Showing posts with label traditions. Show all posts
Showing posts with label traditions. Show all posts

Sunday, December 25, 2016

Someone made me smile

We decided, long before our children were ever born, to never lie to them.

This is a bit laughable as I look back on it now, as I probably tell tiny white lies every day: "I'm sorry baby, I can't play with you right now because Momma's working," I say as I click through Facebook to skim the news. Or, "Darn it, it looks like we're all out of cookies.... how about some cheesy broccoli instead?" [Note: I'm pretty sure Erin still abides by this rule, though I have no idea how.]
But as a couple, and for such a weighty construct as Christmas, how to handle Santa Claus has been a tricky and longstanding debate.

We aren't religious, so embracing the story of Jesus never felt right. And perpetuating the commercial hullaballoo of Santa Claus didn't appeal, either. Any fictional character or myth that requires a lot of elaborate storytelling or choreography to be convincing seems like a violation of trust, if not a complete departure from the basic tenants of physics, logic, and common sense. Our unusually perceptive son would be on to us before long anyway, so what was the point?

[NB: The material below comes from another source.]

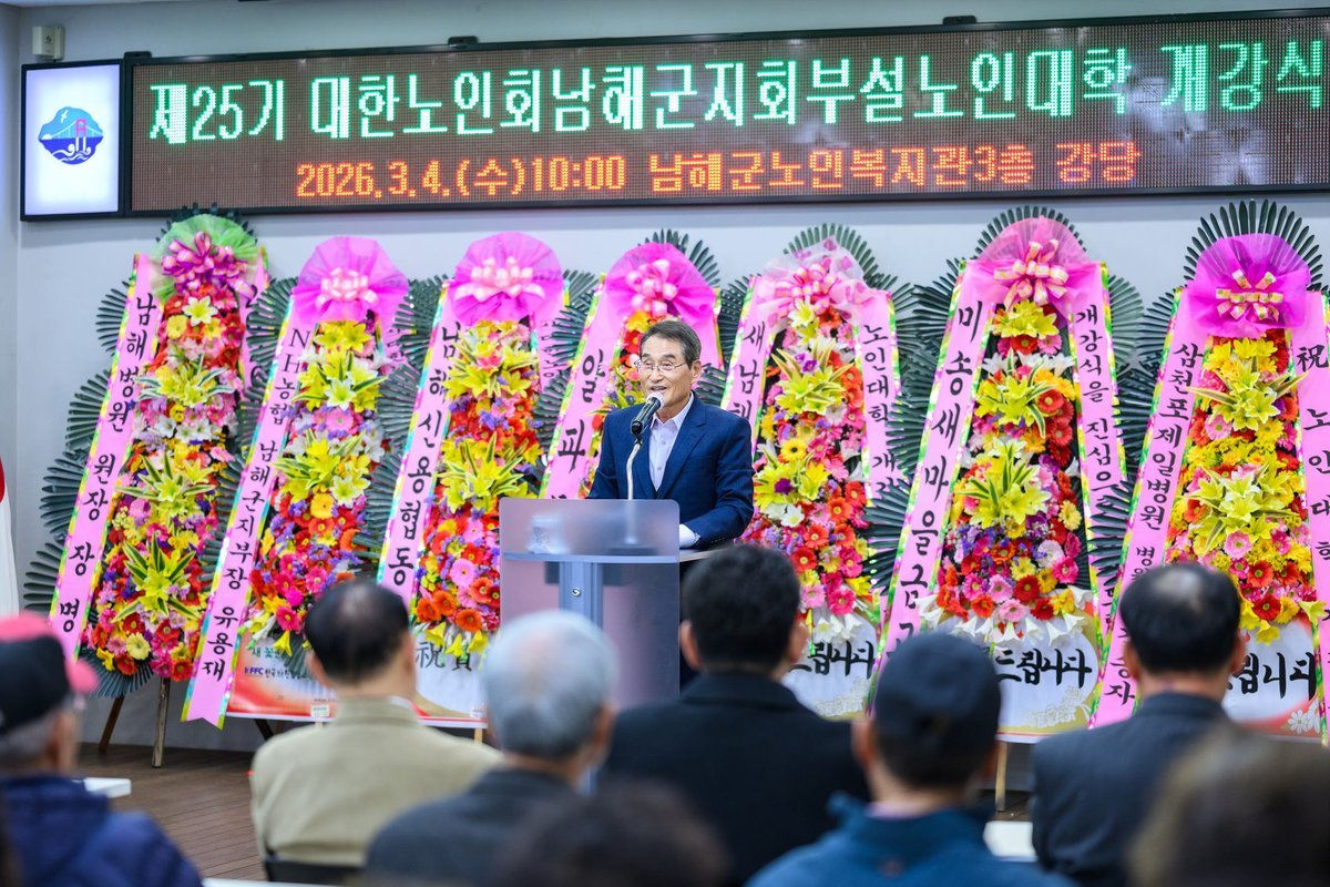 대한노인회 남해군지회 부설노인대학 제25기 개강식 (남해군 제공) [PEDIEN] 사)대한노인회남해군지회 부설노인대학은 지난 4일 남해군노인복지관 3층 강당에서 제25기 개강식을 열고 176명의 신입생을 맞이했다.대한노인회 남해군지회 부설노인대학은 2026년 제25기를 맞이했으며 해를 거듭할수록 여가 활동 및 건강한 삶을 지원하는 대표적인 기관으로 자리 잡고 있다.하종준 학장은 “배움은 사람을 젊게 만들고 웃음은 건강을 지킨다고 한다. 우리 노인대학에 오시는 모든 분들이 밝고 활기찬 웃음으로 가득한 시간을 보내시길 진심으로 바라며 그런 배움의 시간이 되도록 최선을 다해 지원할 것을 약속드린다”고 말했다.장충남 남해군수는“부설노인대학 개강을 축하드리며 배움을 향한 어르신들의 도전과 열정에 깊은 존경의 마음을 전한다”며 “건강하고 행복한 노후를 위해 배움의 기회를 잘 활용하시길 바란다”고 말했다.한편 부설노인대학은 매주 수요일 9시부터 4시간 동안 민요장구, 레크레이션, 건강체조, 서예, 한궁, 특강 등 다양한 프로그램을 운영하고 있다. -

Yet, Santa Claus is an institution much larger than us. Who wants to be the assholes whose son ruins Christmas for everyone? So we compromised: we'd tell our son about "Santa," but it'd be Erin dressing up each year for a brief cameo. That way, Daddy being jolly old St. Nick would be true, while not confusing his more innocent classmates when Ash talks about the presents he got from him. Or at least, that was the idea.

Trouble was, we failed to work out the particulars. Last year it didn't matter: the kid was 7 months old and wouldn't have known Santa from a houseplant. I'd gotten a cheap costume for Erin online and it was no trouble to mildly bewilder our son when he was handed a ball by a strange man in a red suit. No biggie.

But this year, with a precocious 20-month old, the message really mattered. The sheer mechanics of this plan was worth discussing in detail, yet we completely neglected to do so until it was too late. Did we agree on leaving gifts out under the tree? Turns out, nope. Who was responsible for the goodies in the stockings, us, or Santa? Totally unclear. If Santa arrived at a time when Daddy was conveniently "in the bathroom," what's all this business about him coming down the chimney during the night? And who the heck are all those imposters at the Mall? There were answers for none of it.

We got so many things wrong that morning, including who, what, when, where, and why Santa is....yet when Kris Kringle arrived festooned with an obvious fake beard, no belly, and suspiciously similar glasses to Daddy's, (not to mention a"Ho, ho, ho" that bellowed in a familiar baritone), we still managed to completely dupe our son. When Ash looked nervous, we went as far as to tell him it was "just Daddy in a costume" but it did no good: as soon as Erin reappeared in Daddy clothes, Ash ran off to figure out where the heck Santa went. And has been talking nonstop about him and the globe he left for days now. All in all, the ruse was a roaring success. Once again, I found this to be the most amusing possible thing, and delighted in capturing it best I could. This is one tradition that promises to make me smile for decades to come.

Thankfully, we have a few more years to get our story straight. :-)


Friday, December 23, 2016

Sparkle

On our Christmas tree each year since I was my own son's age there has been a tiny, nondescript ornament nestled in amongst all the blinkies and sparkles. What it lacks in pizazz, it makes up for in sentiment: it's by far my most most adored, cherished ornament, the one I pile all my nostalgia onto (trumping the handmade ornaments my parents made before they were married, the snowblob with my son's handprint, and the Walnut I colored with markers and put on a string on in Kindergarten) because it includes a most basic and treasured ritual: reading aloud on Christmas eve, from the tiniest of books, the Night Before Christmas.
But as we decorated the tree this year, for the very first time in my entire life, I realized that I can no longer even squint through glasses to see the tiny print. My son not yet old enough to read, this seemingly timeless tradition may have to end, or be severely compromised by allowing someone else besides me or my blood to execute it. Or relying on the likes of Google in an unfair assist.

So, I comforted myself by falling back on my second most favorite tradition: eating the year-old piece of candy I hide in my Reindeer squeezy-mouth ornament each season as we're packing away our Christmas decorations. Oh, and catching hell for it from my husband who thinks the shelf life of chocolate is like, an important detail or something.

This year on on its eve we'll read the Night Before Christmas even if I have to pull the words out from deep in my memory bank to do it. All the while, I'll try to remember that even the strongest of traditions die out with time. But like old bulbs on an ancient string of lights, they can be replaced with new ones that'll sparkle and burn bright for years to come.